▸ **WORK REQUEST**: Start at the line that contains "From Figure 4, we" in the listing below and extract every line through the last, exactly; leave pictures out.

▸ **PROVIDED MATERIAL**:

[Start of section]

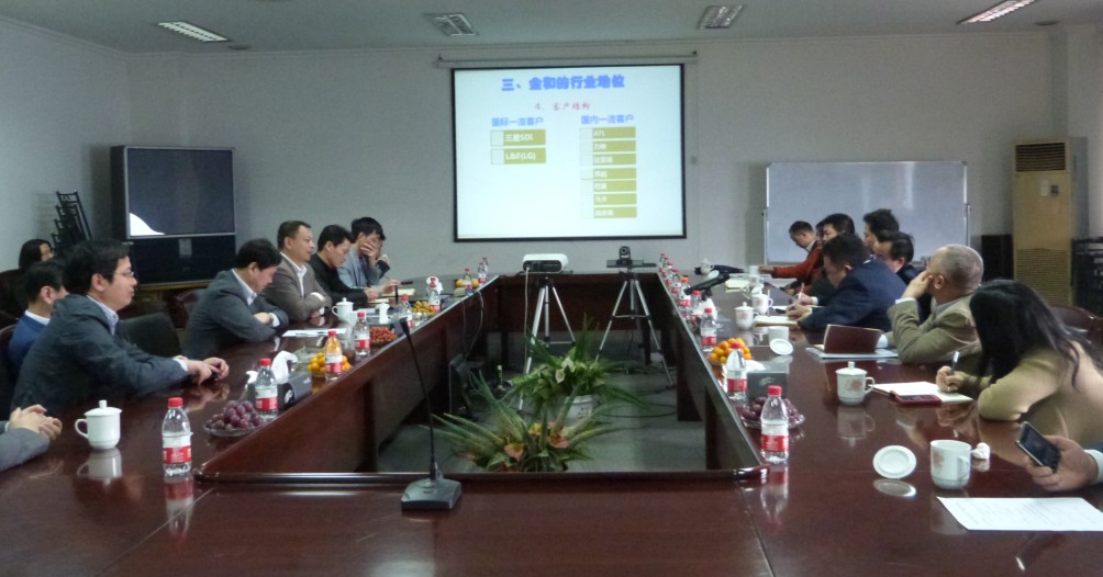 王順林向周日星廳長介紹了公司近期發(fā)展情況。王總裁說,寧波金和新材料股份有限公司成立15年來,專注于鋰離子電池正極材料的研發(fā)、生產(chǎn)和銷售,主要產(chǎn)品有鎳鈷錳氫氧化物、鋰鎳鈷錳氧化物、四氧化三鈷、鈷酸鋰、錳酸鋰等鋰電主流正極材料。公司已發(fā)展成為在浙江、江蘇等地擁有三家子公司的集團型企業(yè),年銷售總額超過10億元。公司是國家級高新技術(shù)企業(yè),也是浙江省管理創(chuàng)新示范企業(yè),同時擁有“金和電池材料省級高新技術(shù)企業(yè)研究開發(fā)中心”,先后承擔過3項國家火炬計劃及星火計劃項目,擁有14項專利技術(shù),其中發(fā)明專利11項。公司生產(chǎn)的“高結(jié)晶度鈷酸鋰”和“多元鎳鈷錳酸鋰產(chǎn)品研發(fā)與產(chǎn)業(yè)化”先后兩次獲得浙江省科技進步二等獎。
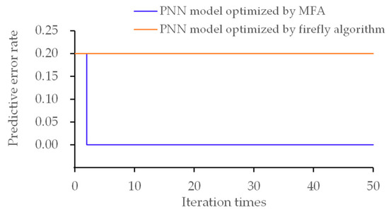 From Figure 4, we find that when the firefly algorithm is used to optimize the smoothing factor in the PNN, it falls into a local optimum. The error rate in rockburst prediction in test samples stayed at the locally optimal result of 0.2. However, by using the MFA, it reached a global optimum at the third iteration. This shows that convergence speed and global search ability are improved by the MFA. By using the MFA, the smoothing factor in the PNN is optimized, with a value of 0.0143.
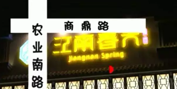 這是哪呢?西湖景、揚(yáng)州月、秦淮風(fēng)、蘇州韻、撲面而來一股江南味道啊,看到這么富有將江南氣息文字,你是不是猜到我們這一站將要去吃什么了呢?沒錯,這一站我們就來到了位于農(nóng)業(yè)南路商都交叉口向南的江南春天。

[End of section]

▸ **SOLUTION BELOW**:
 From Figure 4, we find that when the firefly algorithm is used to optimize the smoothing factor in the PNN, it falls into a local optimum. The error rate in rockburst prediction in test samples stayed at the locally optimal result of 0.2. However, by using the MFA, it reached a global optimum at the third iteration. This shows that convergence speed and global search ability are improved by the MFA. By using the MFA, the smoothing factor in the PNN is optimized, with a value of 0.0143.
 這是哪呢?西湖景、揚(yáng)州月、秦淮風(fēng)、蘇州韻、撲面而來一股江南味道啊,看到這么富有將江南氣息文字,你是不是猜到我們這一站將要去吃什么了呢?沒錯,這一站我們就來到了位于農(nóng)業(yè)南路商都交叉口向南的江南春天。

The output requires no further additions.